Generally, redundancy in data processing apparatuses has been used to improve fault tolerance, reliability, and manufacturing yield. Computers have been built with redundant elements, such as data storage disks, to prevent the loss of data in the event of a hardware failure. Computers have also been built with redundant elements, such as processor chips, to provide for automatic replacement of an element that fails during use, or to provide for error detection by executing instructions in “lockstep,” meaning that instructions are executed redundantly. Computer chips including circuitry that may be arranged as arrays, such as memories, have been built with redundant columns that may be used to replace columns that include manufacturing defects or fail as a result of use. However, the use of redundancy within processor chips has been limited by the dense, irregular nature of the transistor layout in processors. An attempt to solve the above problem is described in US Patent Application Publication No. 20060212677 published in 2006 (inventor T. Fossum). The publication describes embodiments of a multi-core processor having active and inactive execution cores. In one embodiment, an apparatus includes a processor having a plurality of execution cores on a single integrated circuit, and a plurality of core identification registers. Each of the plurality of core identification registers corresponds to one of the execution cores to identify whether the execution core is active.
However, as has been mentioned above, all the above implementations are either expensive solution where they need specialized hardware or some of them adversely affect the I/O performance where the RAID operation is done in software. More specifically, in order to improve I/O performance, the system may require expensive solutions such as hardware RAID controllers. None of the above inventions has the inexpensive solution of using one of the independent cores of the main multi-core CPU which is the heart of the computer system for RAID processing and this processing power is always available in present day computer systems with multi-core CPU.

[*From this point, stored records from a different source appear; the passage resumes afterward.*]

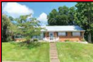
3227 Floyd, Ashland $129,900 Conveniently located 3 BR, 1.5 BA w/LR, DR, spacious eat-in kitchen w/2 pantries and newer updates. Relaxing back patio, flat fenced back yard, 1 car at garage, carport & 10x12 bldg.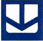
EXHIBIT B FEE SCHEDULE

Proposed 178-0525-NC (SS), Countywide Resurfacing, Restoration, and Rehabilitation Paving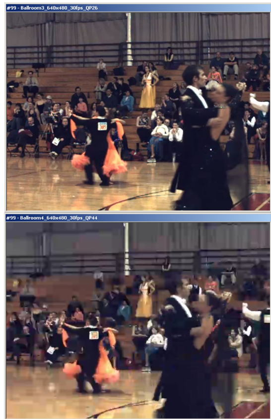
Figure 3. Snapshots of the right view coded at a low quality (above) and left view coded at a high quality (below)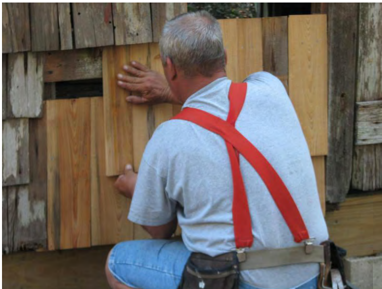
(2011_02_22, IMG 4841)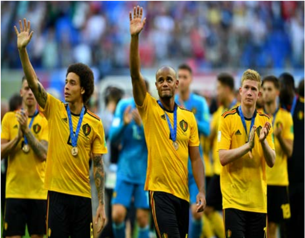
Soccer Football - World Cup - Third Place Play Off - Belgium v England - Saint Petersburg Stadium, Saint Petersburg, Russia - July 14, 2018 Belgium's Axel Witsel, Vincent Kompany and Kevin De Bruyne after receiving the bronze World Cup medal TPX IMAGES OF THE DAY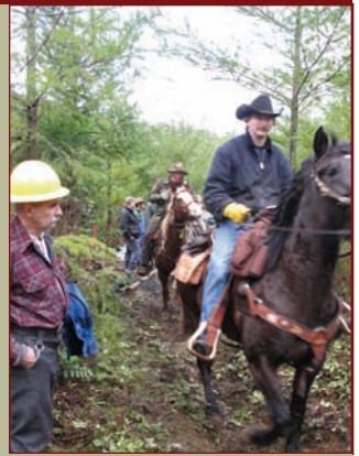
Backcountry Horsemen help check and repair trails.

DNR staff, crews and volunteers are working to clear trails and facilities of storm debris as quickly and efficiently as possible, as we prepare trails and facilities for our season opening on April 1. As you head into the forest, please be especially aware that, due to extreme weather events this winter, many sites and conditions have changed. Please exercise caution and report concerns to your local region.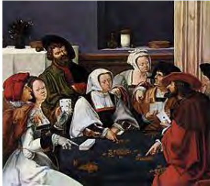
“Card Players” by Lucas van Leyden, c. 1508.

Excerpted from Wikipedia, the free encyclopedia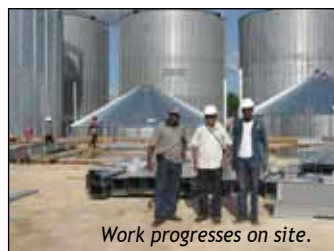
Work progresses on site.

supervising installation of both plants. ■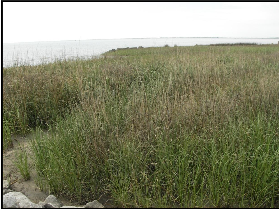
Photo No. 8, Structure No. 8, Rock Plug -Vegetation and Filling In on Lakeside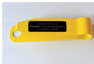
PlenaPop Hole Puncher 49-PF-PP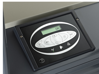
Digital display with integrated humidity control, energy counter, service status and easy fault finding allows optimal dehumidification.

The CDT range offers capacities from 29 to 86 l/24 h and a maximum working temperature of 35° C, as well as superior control of settings and operations. The digital finger touch display puts you in quick and easy control of humidity and service status. Furthermore, hours and energy consumption can be read off the display.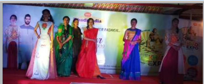
Khadi fashion show held at Khadi Expo 2K19 Kottayam Kerala

An exclusive Khadi & Village Industries products exhibition is being held at the Indoor Stadium of Sports Council in Kottayam, Kerala from 2 nd till the 14th of March. Do visit for a wide range of organic & handcrafted products.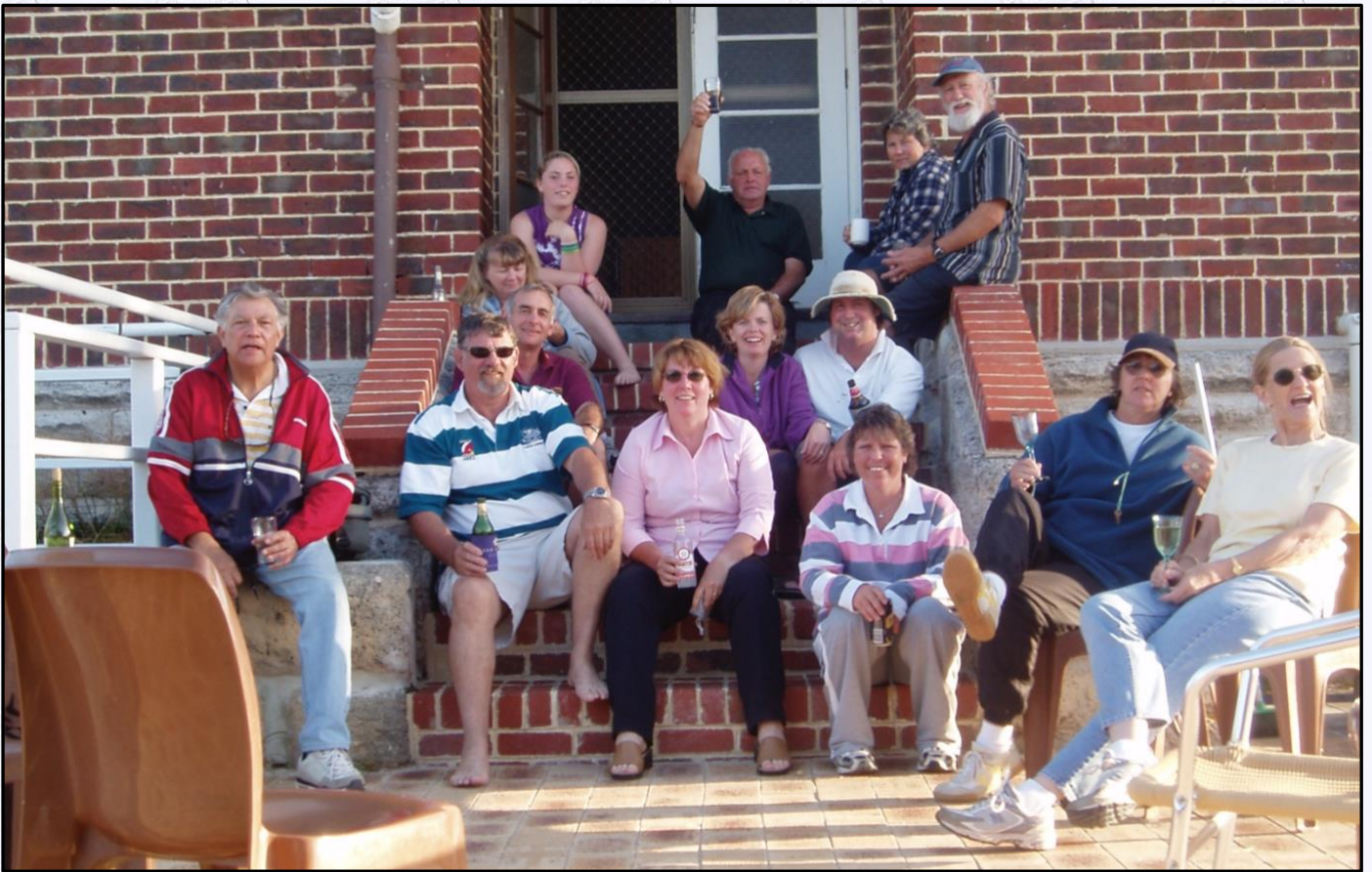
Car Rally 2004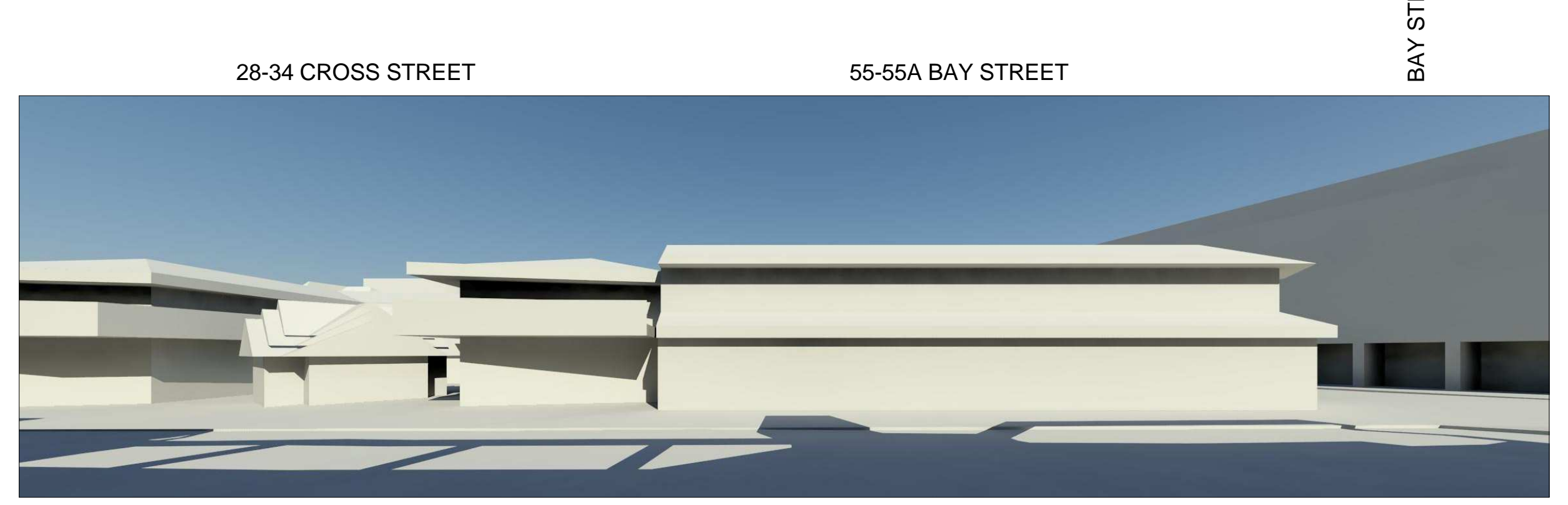
PERSPECTIVE D - 21st JUNE 1pm PROPOSED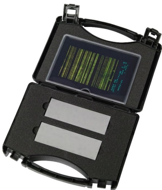
Twin Identical Panels with cracks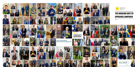
Warsaw Ghetto Uprising 80th Anniversary Daffodil Campaign led by ELNET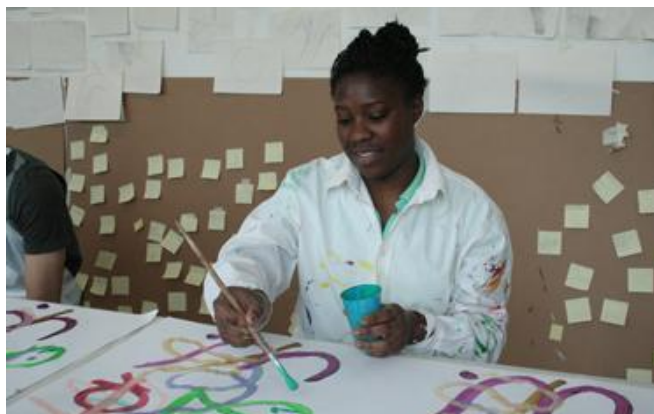
Leader of HART CULTURE C.I.C. Foundation at the Serpentine Gallery, Royal Borough of Kensington.

For larger outdoor murals that require specialist paint, we usually buy these in the 'overall budget'.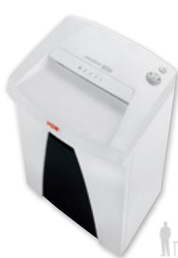
8 9 HSM SECURIO B22 / B24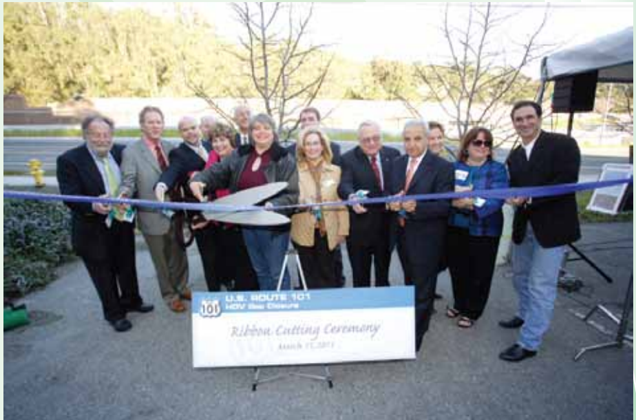
Highway 101 Gap Closure Segment 4 Ribbon Cutting Ceremony, March 11, 2011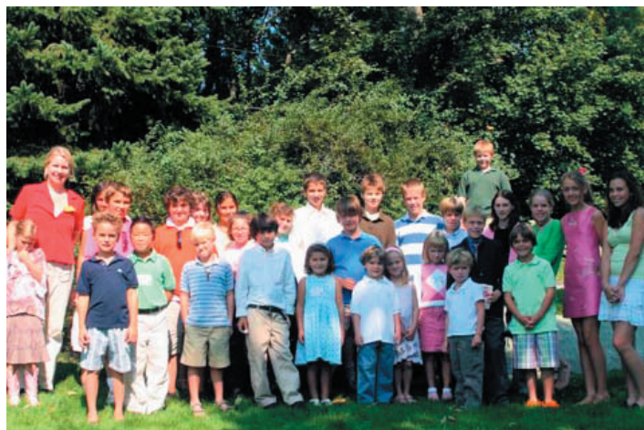
Rally Day at RHCC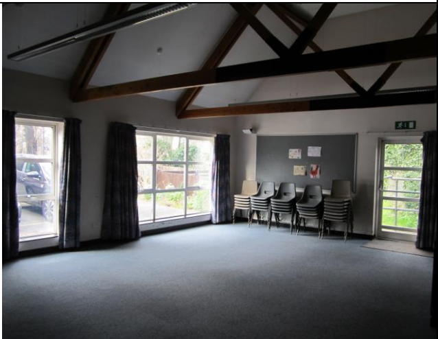
Baldwin Room Approx 8 x 6 metres Carpeted Floor Approx 20 adult chairs available for use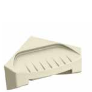
BIOPRISM® SOAP DISHES

Above we have described various implementations of the RAID solution, showed that the I/O processor is a main component of a hardware RAID controller and that the existing RAID solutions have disadvantages. It also should be noted that the above-mentioned known multi-core processors, e.g., a dual-core processors, also suffer from a number of disadvantages, one of which is that they are not used to their full potentials so that a part of their capacities remains unused for other possible applications.